### EXERCISE DATA
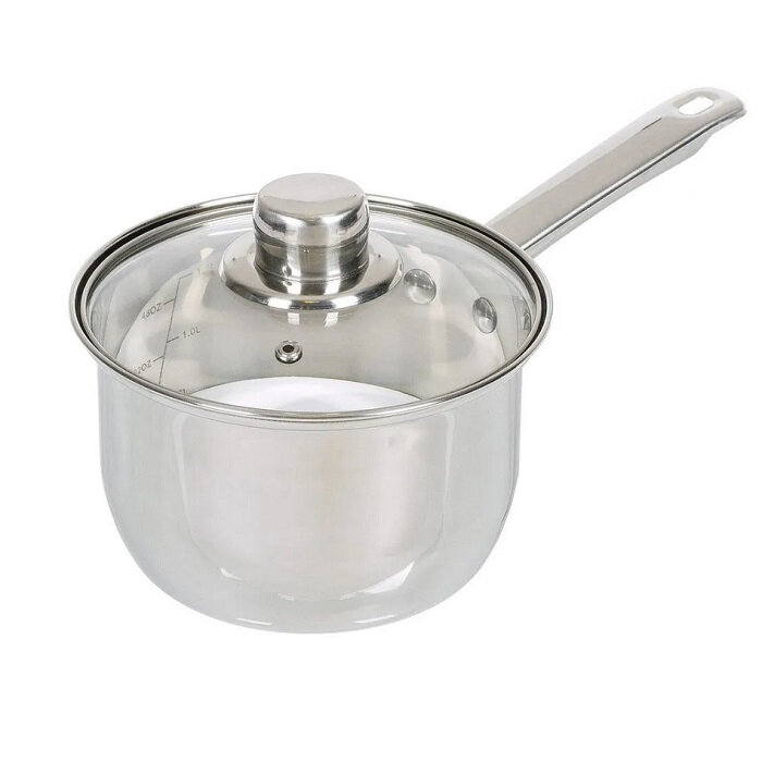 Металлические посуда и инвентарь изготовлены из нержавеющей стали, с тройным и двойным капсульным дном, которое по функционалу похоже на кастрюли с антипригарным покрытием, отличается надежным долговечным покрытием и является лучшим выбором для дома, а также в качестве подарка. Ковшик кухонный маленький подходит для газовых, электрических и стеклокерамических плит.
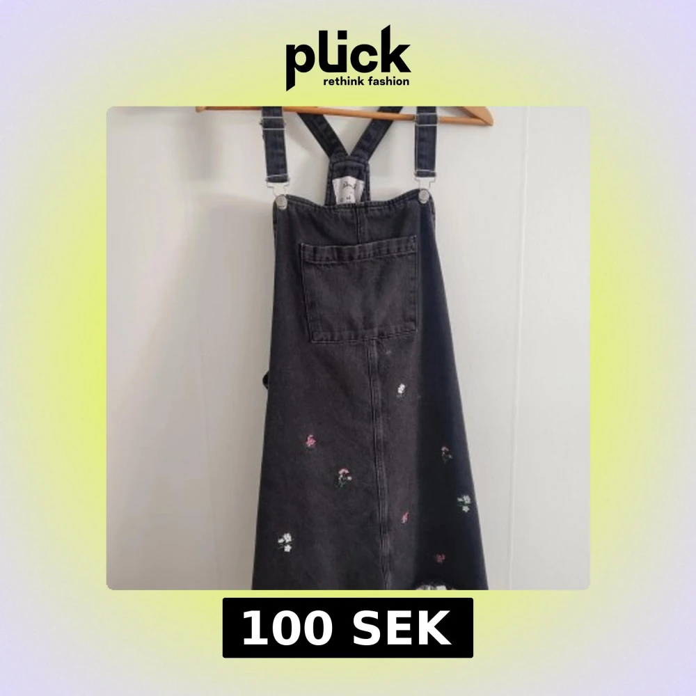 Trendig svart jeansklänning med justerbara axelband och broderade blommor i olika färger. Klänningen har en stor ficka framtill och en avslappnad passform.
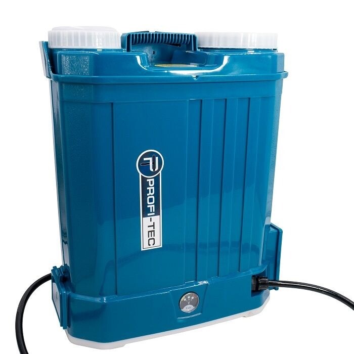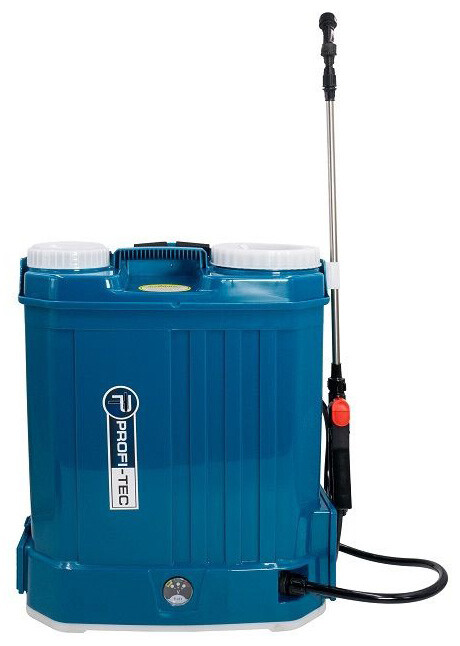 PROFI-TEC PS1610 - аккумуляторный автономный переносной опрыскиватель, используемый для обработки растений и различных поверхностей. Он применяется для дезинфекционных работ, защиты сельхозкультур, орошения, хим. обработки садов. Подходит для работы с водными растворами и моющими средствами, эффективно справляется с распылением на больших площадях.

### THE TASK
Set down the material again exactly. Don't carry over any pictures.

### ANSWER
 Металлические посуда и инвентарь изготовлены из нержавеющей стали, с тройным и двойным капсульным дном, которое по функционалу похоже на кастрюли с антипригарным покрытием, отличается надежным долговечным покрытием и является лучшим выбором для дома, а также в качестве подарка. Ковшик кухонный маленький подходит для газовых, электрических и стеклокерамических плит.
 Trendig svart jeansklänning med justerbara axelband och broderade blommor i olika färger. Klänningen har en stor ficka framtill och en avslappnad passform.
 PROFI-TEC PS1610 - аккумуляторный автономный переносной опрыскиватель, используемый для обработки растений и различных поверхностей. Он применяется для дезинфекционных работ, защиты сельхозкультур, орошения, хим. обработки садов. Подходит для работы с водными растворами и моющими средствами, эффективно справляется с распылением на больших площадях.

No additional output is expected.